Jack felt like he was finally making progress. He kicked snow on the fire to put out the last of the dying embers. “First thing tomorrow, you find those samples and bring them to me at the police station.”

“But they need to go to a lab.”

“I’ll get them to one.” He strapped the basket on the back of her sled, then looked around to make sure they had everything. “I have connections in the Canadian government. This isn’t an academic problem, Megan. It’s a government one.”

Jack would swear he heard her mutter something about a nerd as she climbed onto her sled and pulled on her helmet.

“Wait!” he shouted as she reached to start her engine. “Which trail are we taking back?”

She flipped up her visor, then pointed west toward the lake. “The one we’re on should continue to the ITS trail that runs down the east side of Pine Lake.”

“Are you sure, or just pretty sure?”

She just flipped down her visor, started her sled, and shot off down the trail. Jack waited until the snow dust had settled enough for him to see, then followed.

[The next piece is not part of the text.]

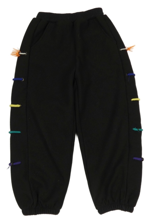 Čierne rebrované teplákové tepláky s barevnými tkaničkami

It was dark by the time they broke out of the forest and onto the lake—not the ITS trail. Jack’s gut tightened; he did not want to travel the lake in the dark. He pulled up beside Megan, who had stopped and shut off her sled.

“I have no idea where the ITS trail is,” she told him. “I don’t know how we could have missed it.”

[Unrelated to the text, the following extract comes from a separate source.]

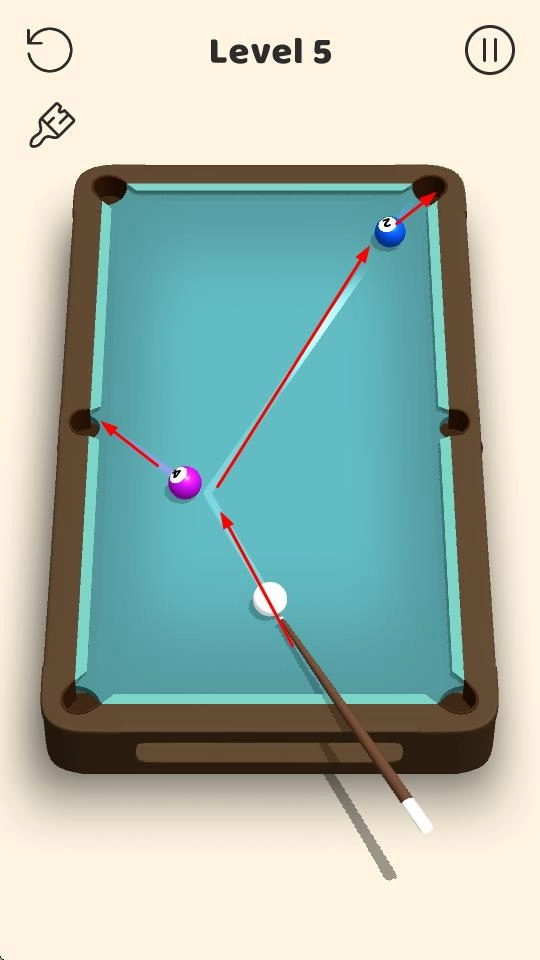 随着关卡的逐步推进,台球桌上目标球的数量与摆放位置会愈发复杂,这就要求玩家更精准地计算击球的角度和力度,从而完成关卡任务,顺利将目标球打入球袋。

Jack unzipped his tank bag and dug out his map. “We’re going to have to find it, because we’re not traveling the lake at night.”

“I bet we’re just a few miles north of where we should be, and I’m pretty sure there’s a club trail that runs the length of the lake,” she offered. “We just have to find it, follow it south until we pick up the ITS trail, and we’ll have a straight shot home.”

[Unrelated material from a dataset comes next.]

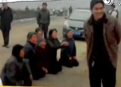 Sự việc xảy ra tại tỉnh Hà Nam, Trung Quốc, năm người phụ nữ đứng tuổi quỳ giữa đường trong thời tiết giá lạnh, họ vừa khóc vừa nói, vừa van xin các cán bộ giải quyết.

Jack walked to the front of his sled, bent down in the beam of the headlight, and studied the map. “It’s a lot more than a few miles to the ITS trail,” he told her when she walked up beside him. “More like ten or twelve. See,” he said, pointing out where they were. “This trail brought us out here, and the ITS takes a sharp eastern turn way down there.”

He stepped back for the headlights to illuminate the area in front of them, and saw sled marks splaying out in all directions. “We should go back the way we came.”

“But that will take all night.”

“It’s better than taking a cold swim.” He folded the map and turned her to face him. “I don’t like traveling on ice at night.”

“We’ll be on the club trail, for crying out loud. The local club will have marked it with small trees. They check it almost daily and set it well away from any dangerous spots. I vote we take the lake. Ten measly miles, Jack. And we’ve had subfreezing temperatures for nearly two months.” She reached out and laid her hand on his chest. “Are you forgetting that I grew up here? I know this lake like the back of my hand.”

He didn’t point out that she’d gotten them lost twice today, since he suddenly realized this conversation was no longer about getting home. It was a test to see if he was capable of trusting her. And how could he persuade her to trust him again if he didn’t do the same?

Dammit to hell. “Okay,” he growled. “We’ll take the lake. But I lead.”

Her grin slashed broad in the headlights. Megan patted his chest and practically skipped back to her sled. “Not a problem, Jack. Better your taking a cold swim than me. Don’t worry, I’ll throw you a rope if you fall through the ice.”

Jack climbed on his sled, headed toward the well-marked trail a couple of hundred yards out from shore, and set a comfortable pace down the lake. Megan stayed behind him for exactly ten minutes. Then she pulled up beside him and matched his pace for about a mile, gave him a cheerful wave, and zoomed ahead.